Walmart is under pressure to turn thriving parts of its business into moneymakers. Walmart’s e-commerce has had dramatic gains, but it has not yet turned a profit. Online services that have gained popularity, such as curbside pickup, require additional labor as employees pick and pack orders. That translates to higher labor costs that Walmart has not been passing on to its customers, even as more take advantage of the convenience of shopping online.

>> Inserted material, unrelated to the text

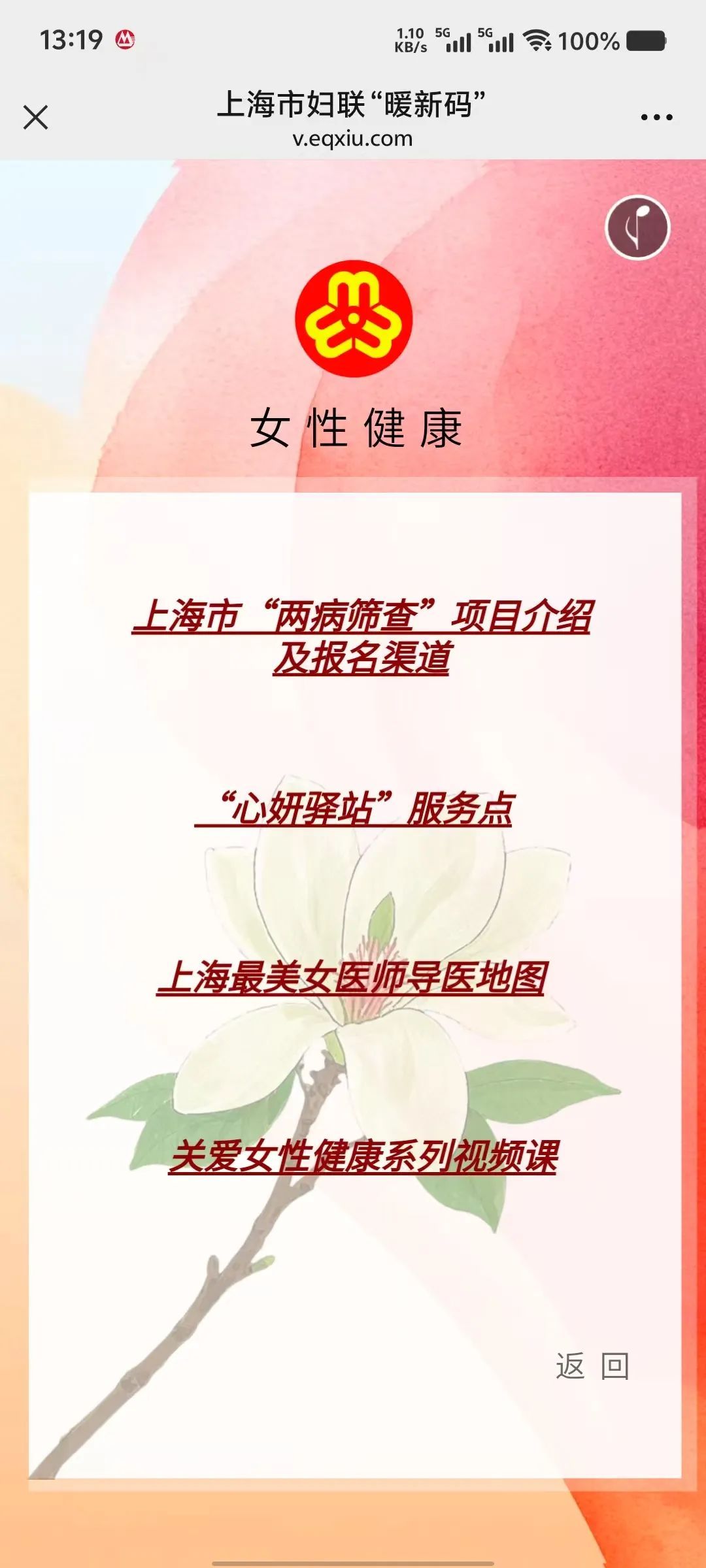 全都有;了解“两病筛查”具体内容,学习女性健康视频课,
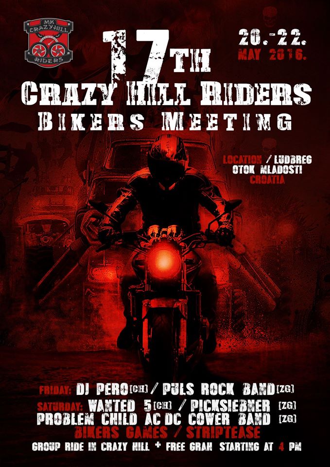 I ove godine će kod MK Crazy Hill Riders Iz Ludbrega biti 17 motorijada od 20. do 22.05.2016. Dobra zabava i svirka uz obilje pića i hrane su osigurani. Za sve zaintresirane članove MK Orlovi je okupljanje 21.05.2016. u 14.30 sati ispred Fortune u Maloj Subotici. Vidimo se.Sretan Uskrs 2016.

“Change in retail accelerated in 2020. The capabilities we’ve built in previous years put us ahead, and we’re going to stay ahead. Our business is strong, and we’re making it even stronger with targeted investments to accelerate growth. This is a time to be even more aggressive because of the opportunity we see in front of us,” said CEO Doug McMillon at Walmart’s virtual investor community meeting. “The strategy, team and capabilities are in place. We have momentum with customers and our financial position is strong.”

Walmart is stepping up its capital expenditures this year as it sows the seeds for future online profitability. Briggs pointed to new infrastructure, including fulfillment capacity, supply chain, automation and technology, that will allow WMT to expand e-commerce assortment, optimize inventory levels and product placement, enabling the company to reduce both shipping time and cost. 

(Video: Walmart) // Watch full video here.

Walmart has embarked on dozens of next-gen technology pilots, including drones and autonomous delivery, all aimed at increasing the speed and dropping the costs of e-commerce fulfillment. But its biggest experiment has been its local fulfillment center (LFC) model debuted in Salem, New Hampshire, in 2019. Walmart announced in January it plans to scale its LFC model, powered by an impressive robotics system called Alphabot, to “dozens of locations, with many more to come.” (I detailed WMT’s fulfillment strategy versus Kroger’s last month. Read here.)

We don’t have hard cost estimates on Walmart’s LFC buildouts, but we can be certain much of the “fulfillment capacity, supply chain, automation and technology” investment Briggs referred to revolves around Alphabot and LFC expansion. 

All told, Walmart is targeting about $14 billion in capital expenditures this fiscal year, up from a rate of $10 billion to $11 billion, as it invests in supply chain, automation and improvements to the customer experience. 


Recently there has been a marked shift in Walmart’s strategy. The company now not only wants to sell groceries, clothes and pretty much everything else, it wants to leverage its greatest asset — its reach — to chase new business opportunities, including bulking up its ad business, becoming a major health care provider and continuing to build out its financial services on the back of the recent Ribbit Capital partnership. 

With this strategy, Walmart is acknowledging a tough reality: retail may not be enough to power its future. 

But that doesn’t mean Walmart isn’t expecting top- and bottom-line growth for the foreseeable future. Nor does it mean Walmart has lost focus of its breadwinning business. Quite the opposite. Walmart knows it gained market share in 2020, in part by subsidizing online sales growth by not passing additional costs to consumers. Now the company is focused on tweaking and iterating upon services Americans fell in love with in 2020, while continuing to improve the in-store experience. 

The beauty is that Alphabot and LFCs do both. Alphabot can pick and pack orders 10x as fast as humans can, and it removes the vast majority of pickers from the floor, leading to less congested aisles and fewer depleted shelves. Walmart will continue to push the envelope with pilots, partnerships and acquisitions of technologies as it experiments with different fulfillment methods, freight networks and delivery strategies. But LFCs are no longer an experiment and its first act was highly successful. It’s time for the main stage.